Finding what
to savor in Italy
Commentary
by JoELLEN COLLINS
Thus,
when I awaken, I am touched not only by an almost daily series of gentle
mists clinging to the rich loam of the surrounding hillsides, but also by
that impressionistic, picture-postcard view.
Through the
window on the north side of the farmhouse I currently occupy in Umbria
near the Tuscany border, I see every morning emerging from the fog two of
the unrenovated brick structures that comprise part of the vast farm
belonging to my landlord’s family. Sometime during the night, after I
turn off the lights, I have arisen and flung open my little unscreened
window so that bugs will not plague my reading.

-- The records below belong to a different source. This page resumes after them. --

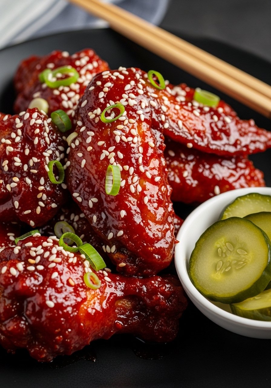 These wings are sticky, spicy, and crave-worthy. Gochujang gives a sweet-umami heat while a quick broil or air-fry finishes them with charred edges. Perfect for groups who like bold flavors.
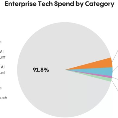Menlo Venture 的调研显示,目前 AI 相关的开支在企业所有信息技术类开支中,占比为 8.2%,其中:AI 软件 3.3%,内部 AI 专业人员薪资 3.0%,外部 AI 专业人员薪资 0.7%,AI 云端的算力开支 1.2%。
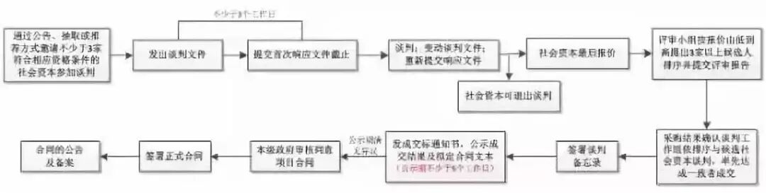 根据《政府采购法》、《政府采购法实施条例》、113号文、《政府采购非招标采购方式管理办法》和《PPP项目采购办法》等规定,通过竞争性谈判方式采购PPP项目的流程如下:
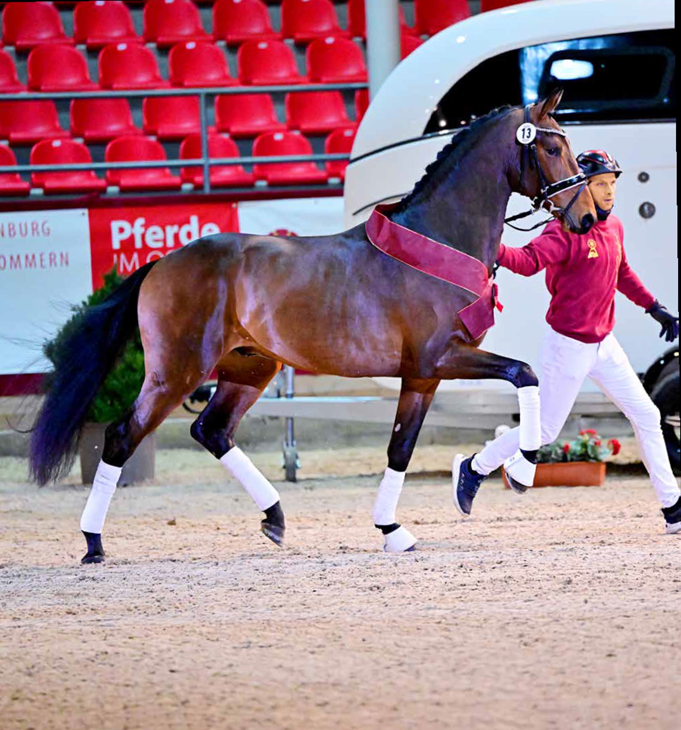 Vaters Fürstenball. Gleichzeitig vermag er sich kraftvoll mit großer Agilität und Schulterfreiheit zu bewegen, Attribute, die seinem großartigen Muttervater Jazz und dem dann folgenden niederländischen Background zuzuordnen sein dürften. Ob auf dem Pflaster, an der Longe oder im Freilaufen, beim Schaufenster der Besten meldete Franzmann bei jeder Gelegenheit seinen Anspruch auf die Siegerschärpe eindrucksvoll an.
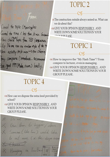 经过40分钟的热烈讨论后,同学们果然萌发出了不少的新奇的点子,比如第四个议题(我们如何处置课间餐经常剩下来的食物或饮料?)就有同学说:找几个班也是一样的情况(经常课间餐有剩)联合起来等放假了带去给那些没饭吃的流浪的人;甚至有同学说可以开一个网店,专门卖这些还可以补充班费…
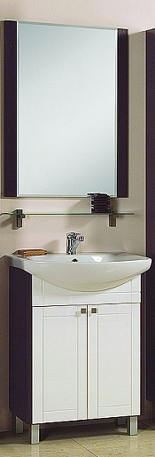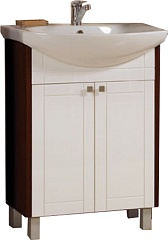 Комплектация: две распашные дверцы, отделение с регулируемой по высоте полкой, фаянсовая раковина «Балтика-65», корпус цвета венге с контрастными белыми фасадами, хромированая фурнитура,
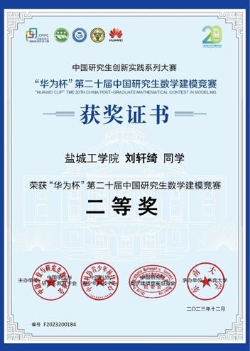2023年,获“华为杯”第二十届中国研究生数学建模竞赛国家二等奖
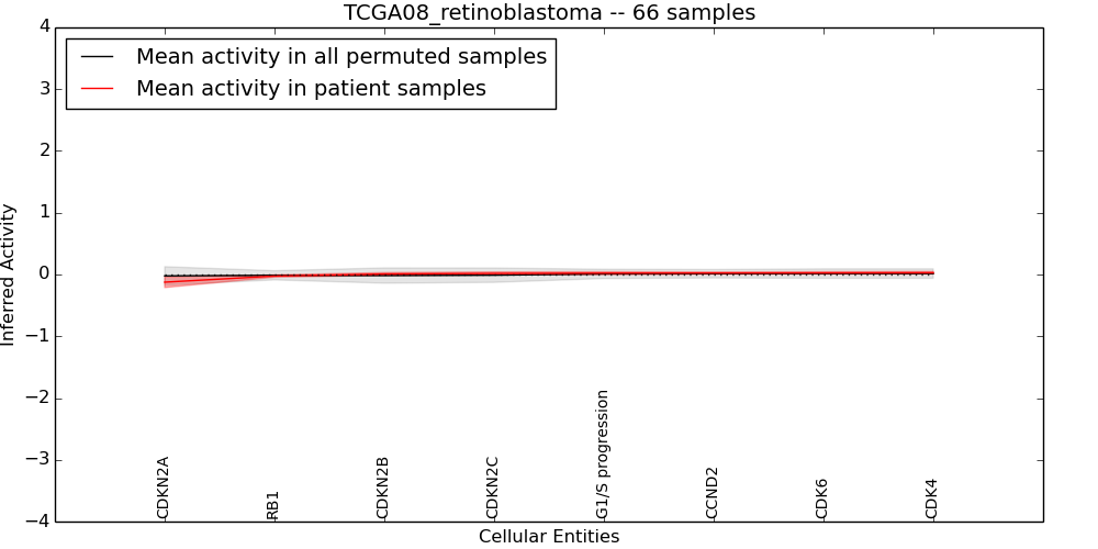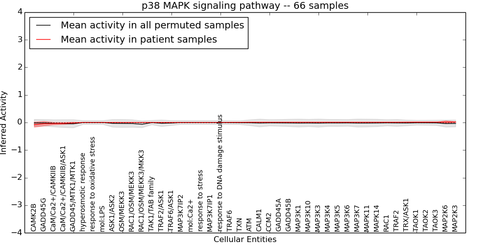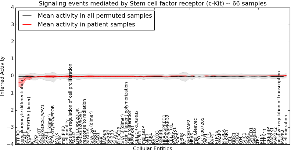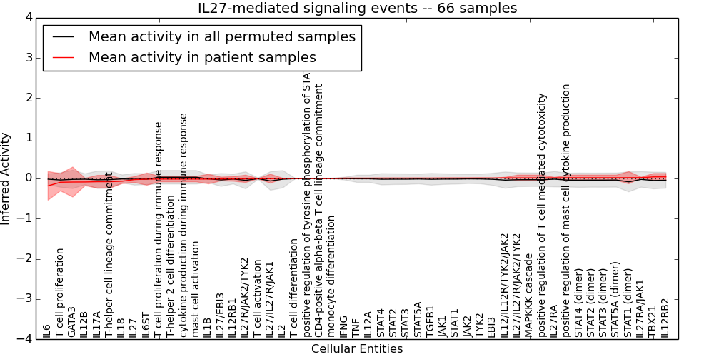 Figure S131. Get High-res Image This plot shows pathway concept perturbations across all samples against a permutation model. The concepts along the x-axis are sorted by lowest to highest mean activity for the real patient samples. Mean inferred activities are plotted along the y-axis as a colored band showing the average level and one standard deviation range. Real samples are shown in red and permuted samples in black.
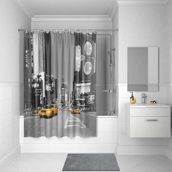 - С кольцами в комплекте: Удобная установка шторки благодаря 12 белым кольцам формы "С", входящим в комплект.
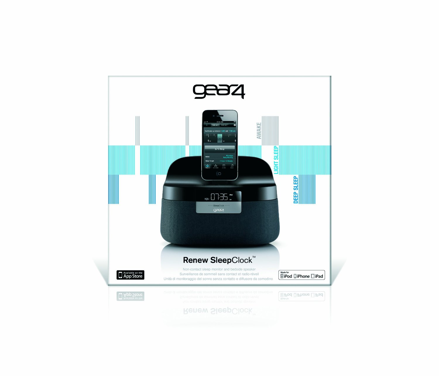Σε αντίθεση με τα κοινά ξυπνητήρια, το GEAR4 Renew SleepClock μπορεί να σας ξυπνήσει μέσα σε ένα προκαθορισμένο χρονικό διάστημα, π.χ. μεταξύ 8:15-8:45, αναλύοντας την υπνική σας δραστηριότητα και εντοπίζοντας την δεδομένη χρονική στιγμή που βρίσκεστε σε «light sleep phase».
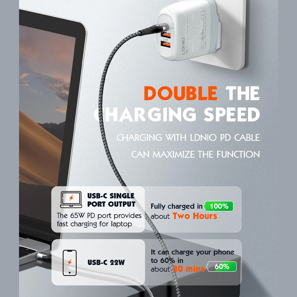 – Rapid Charging Powerhouse: The LDNIO A3511Q Fast Charging Adapter boasts an impressive 65W output, ensuring your devices charge at maximum speed. Say goodbye to waiting around for your gadgets to power up – the A3511Q gets the job done in record time.
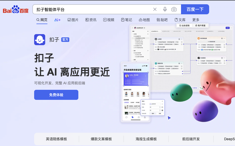 下面介绍公众号如何通过微先生助手接入扣子智能体回复。首先打开扣子官网:https://www.coze.cn (目前仅支持国内版coze),百度搜索 扣子智能体平台也能找到。
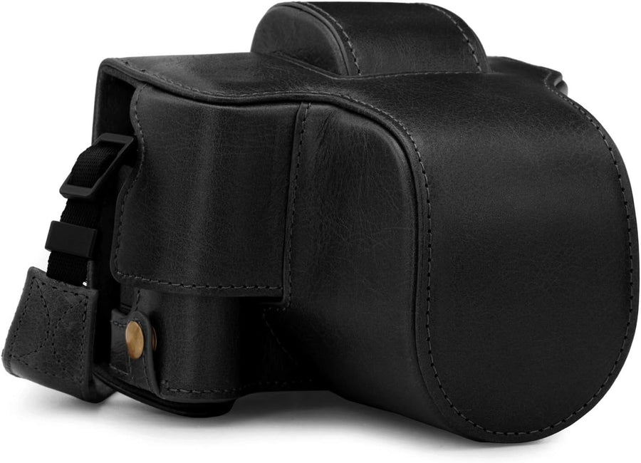 MegaGear MG1804 Ever Ready Kameratasche aus Leder, kompatibel mit Sony Alpha A6600 (18-135 mm), Schw
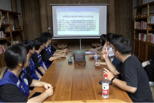曹坊镇统战委员、副镇长黄金珠,曹坊团委书记沈全坤对实践队一行的到来表示热烈欢迎。通过交流得知曹坊溪下曹河段隶属于沙溪流域长潭河支流;河道起点:下曹坑头石桥,河道终点:廖坑桥,河道全长2.8公里。在座谈会上,福建省第二届校园河长、泉州海洋职业学院学生思政教育管理科科长蔡岱宏介绍了此行开展河流保护的内容。
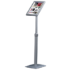 Das universale Infodisplay mit cleveren Funktionen: Höhen- und Formateinstellung sowie eine Winkeleinstellung, hiermit lässt sich der optimale Sichtempfang einstellen. Silbereloxierte Aluminium-Klapprahmen für einfaches und schnelles Wechseln der Aushänge. Die Antireflex-Schutzfolie schützt die Inhalte. Der Eisenfuß mit Kunststoffabdeckung sorgt für einen sicheren Stand.
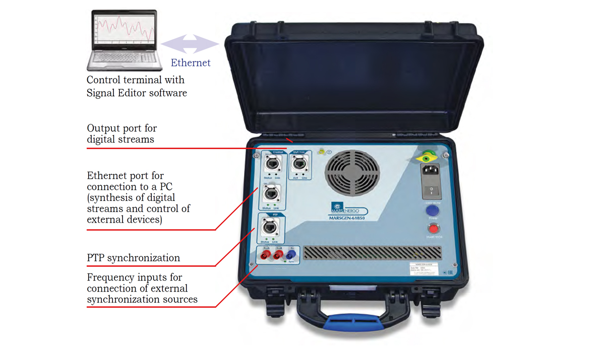 The calibrator MarsGen-61850 generates sampled value (SV) streams in accordance with IEC 61850-9-2 for direct calibration and testing of digital-input measurement instruments. The device provides accurate synchronization to the UTC time base and complies with stringent specifications for packet timing, stream continuity and time synchronization accuracy.
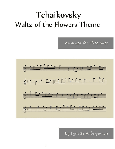 Flute Duet Flute - Level 2 - Digital Download SKU: A0.1286555 Composed by Peter Ilyich Tchaikovsky. Arranged by Lynette Auberjeunois. Chamber,Classical,Contest,Festival,Wedding. Score. 5 pages. Flute Files Publishing #877616. Published by Flute Files Publishing (A0.1286555). "Waltz of the Flowers Theme" flute duet sheet music from The Nutcracker. Composed by Peter I. Tchaikovsky. Arranged by Lynette Auberjeunois for late beginner/early intermediate level. Digital download includes a two page flute duet score in the key of Eb. Range: Flute 1: Ab1 - Eb3, Flute 2: F1 - Eb2. Published by Flute Files Publishing (CL62-1129). This product was created by a member of ArrangeMe, Hal Leonard's global self-publishing community of independent composers, arrangers, and songwriters. ArrangeMe allows for the publication of unique arrangements of popular titles and original compositions from a variety of voices and backgrounds. The length, difficulty, and retail pricing are determined solely by the discretion of the person who arranged or composed it. About Digital Downloads Digital Downloads are downloadable sheet music files that can be viewed directly on your computer, tablet or mobile device. Once you download your digital sheet music, you can view and print it at home, school, or anywhere you want to make music, and you don’t have to be connected to the internet. Just purchase, download and play! PLEASE NOTE: Your Digital Download will have a watermark at the bottom of each page that will include your name, purchase date and number of copies purchased. You are only authorized to print the number of copies that you have purchased. You may not digitally distribute or print more copies than purchased for use (i.e., you may not print or digitally distribute individual copies to friends or students).

Thus, when I awaken, I am
touched not only by an almost daily series of gentle mists clinging to the
rich loam of the surrounding hillsides, but also by that impressionistic,
picture-postcard view.
That sight
reminds me to count my blessings. Yesterday I may, indeed, have had an
unpleasant encounter with the police at the questura (regional
headquarters of the state police) in Perugia over the requirement to
obtain a certificate of travel if one lives in the countryside for more
than a week. It has been the cause of innumerable poor translations and
frustrations and challenges when confronting Italian bureaucracy. I have
already spent more hours in wrong lines than I wish to recall.
I may also
have spent a relatively isolated day in my area of the country: I didn’t
realize how limiting my lack of proficiency in the Italian language would
be, nor how few people speak English, in spite of the influence of the
Eurodollar and the European Common Market, whose official language is
English. I am searching for an intensive language school as I write this,
but many have closed for the year. In the meantime, I am at least spending
some time each week with a charming tutor in one of the small hill-towns
nearby.
I also
expected more visitors to my place: it can accommodate up to 38 guests,
and until Sept. 11 had at least a few bookings through Christmas. That
obviously changed. Perhaps I am the only foolhardy person to keep intended
plans. In addition, at this time of the year most tourists have departed
and residents close down for the fall and winter, so there is none of what
I fancied as lively repartee among fellow tourists who would also spend
some time at the farmhouse. I had a naïve image of big hearty lunches
around a communal table. That’s for summer. I am the only person staying
here. I realize I have to be more assertive and just go somewhere and hang
out, hoping to use my minimal skills in the native language to meet
people. That is daunting. I am much shyer than I would wish.
When I
watch the BBC World News occasionally on the large TV in the central
living room of the complex, I often have to stifle the urge to leave here
and return to the proximity of home and hearth, to the arms of my friends
and family. I have probably chosen to be too far away at this time from
our country.
But then
there are those soft images at dawn!
The other
morning, I recalled the sensations I experienced upon awakening when I
lived in Thailand. There, I would be summoned from under my mosquito
netting by the crows of roosters and the calls of exotic birds, the yips
of neighborhood dogs fighting over food, a village loudspeaker playing the
national anthem at 6 a.m., the chants of the monks worshipping in the wat
next door, and the dampness of my nightclothes from a night spent in
stifling humidity. I taped the sounds as a reminder of the reasons I had
gone so far from my comfort zone.
Now in
Italy I experience different sensations: one is the forgotten pleasure of
freshly laundered and pressed sheets every week—no perma press
convenience laundry. My "luxury" sheets at home pale in
comparison! There are also sounds foreign to my usual Idaho awakening, the
pap, pap of gunshots from the rabbit hunters in the surrounding fields. My
landlord’s grandfather is one of the hunters: I see him heading out to
the fields, weapon in hand, dressed immaculately in a fine tweed jacket
and ascot. He cuts a handsome figure, the gentleman farmer with his erect
posture and full head of white hair, the regal master of his acreage. He
even occasionally works the fields in those elegant clothes, the retired
overseer helping his farmhands plant trees or monitoring the seasonal
turning of the earth.
"My"
farm is one of many the Italian government and the Common Market have
wisely subsidized as part of what is called agriturismo, the thrust being
that decaying farms be renovated to accommodate guests. Thus the beauty of
the rural countryside is insured as economic reality makes running farms
alone less and less profitable. There is a caveat: The farms must remain
fully productive, working farms. Mine grows tobacco and fat red and yellow
peppers and seems to thrive.
So I guess
I will stop complaining about feeling isolated and treasure this brief
respite from the tensions of the world. My language tutor even wrote
"molto bene" on my homework, and I felt like a proud "first
grader." There may be hope for me yet. In the meantime, I awaken to
that view, to solace and peace (except for a few gunshots), blessedly
healthy and ready to go out into that countryside one more day.